Source data
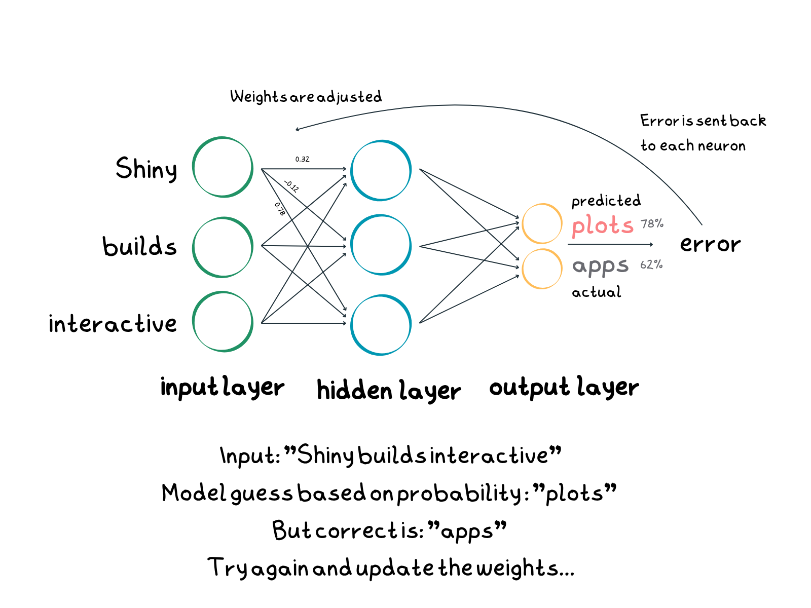 Each connection between layers has a weight, aka a number that determines how strongly one “neuron” influences another. During training, the model adjusts these weights millions (or billions) of times to reduce the gap between its predictions and the actual data. This process is called back propagation, and it’s basically a giant optimisation loop: the model makes a guess, sees how wrong it was, tweaks the weights, and tries again. Over time, it gets surprisingly good at spotting patterns in language.
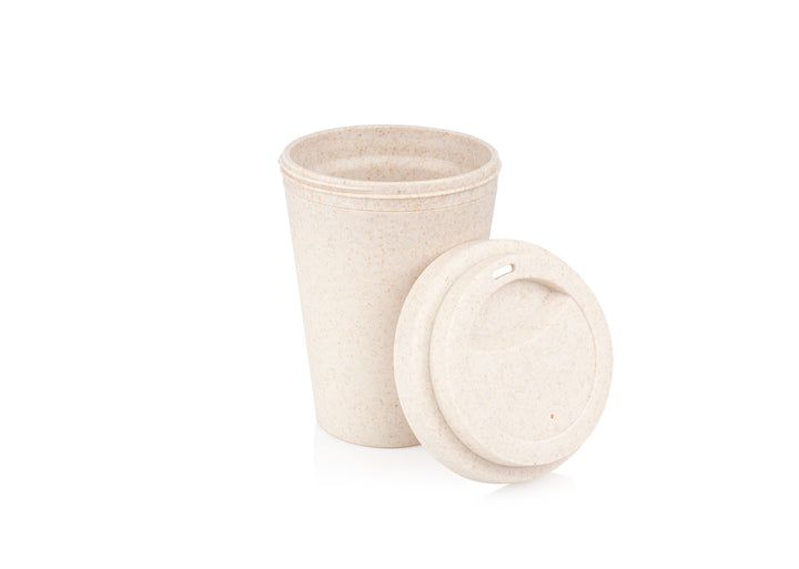El GrainTwist 350 es un vaso reutilizable fabricado en paja de trigo que reduce el uso de plásticos convencionales sin sacrificar practicidad. Su textura natural y tono beige proyectan una estética eco ideal para oficinas, cafeterías corporativas y eventos sostenibles.
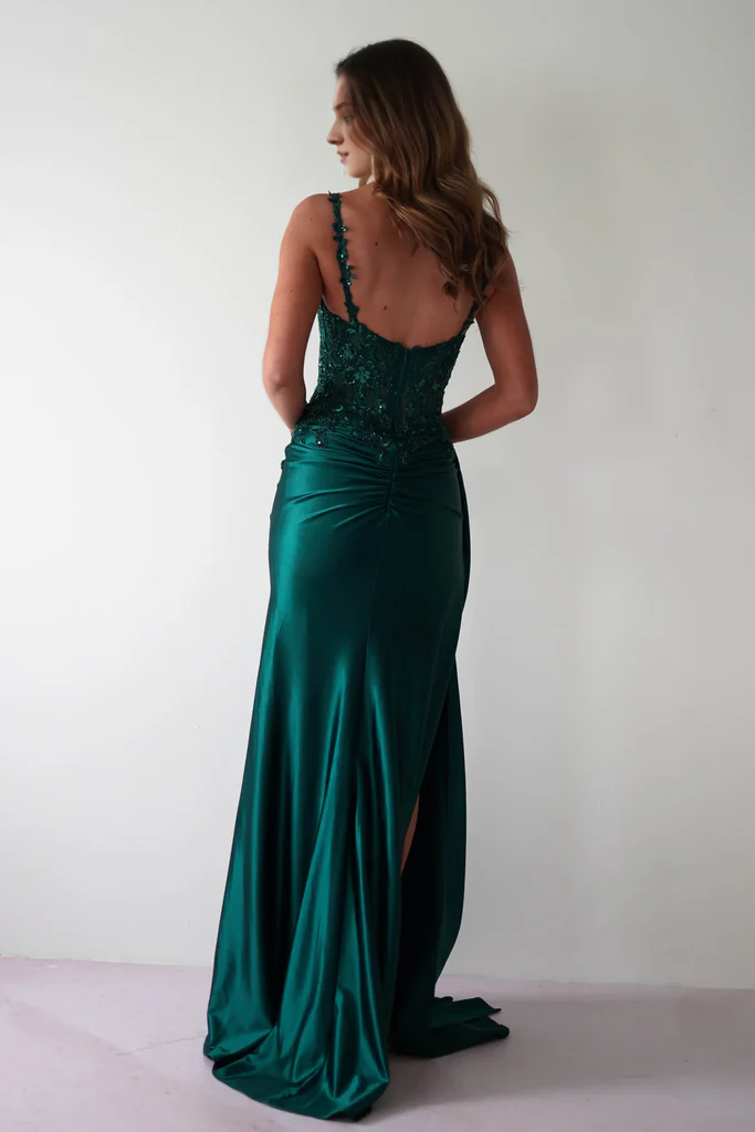 A-line V-neckline sleeveless tight fitting corset with sheer side slits and floor length gowns evening dresses
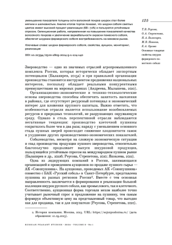 Звероводство — одно из значимых отраслей агропромышленного комплекса России, которая исторически обладает экспортным потенциалом (Балакирев, 2015а) и при правильной организации производства становится инструментом продвижения национальных интересов, поскольку обладает реальными конкурентными преимуществами на мировых рынках (Андреева, Малышева, 2020).

The problem
The material must be returned exactly, with its pictures omitted.

Exercise solution
 Each connection between layers has a weight, aka a number that determines how strongly one “neuron” influences another. During training, the model adjusts these weights millions (or billions) of times to reduce the gap between its predictions and the actual data. This process is called back propagation, and it’s basically a giant optimisation loop: the model makes a guess, sees how wrong it was, tweaks the weights, and tries again. Over time, it gets surprisingly good at spotting patterns in language.
El GrainTwist 350 es un vaso reutilizable fabricado en paja de trigo que reduce el uso de plásticos convencionales sin sacrificar practicidad. Su textura natural y tono beige proyectan una estética eco ideal para oficinas, cafeterías corporativas y eventos sostenibles.
 A-line V-neckline sleeveless tight fitting corset with sheer side slits and floor length gowns evening dresses
 Звероводство — одно из значимых отраслей агропромышленного комплекса России, которая исторически обладает экспортным потенциалом (Балакирев, 2015а) и при правильной организации производства становится инструментом продвижения национальных интересов, поскольку обладает реальными конкурентными преимуществами на мировых рынках (Андреева, Малышева, 2020).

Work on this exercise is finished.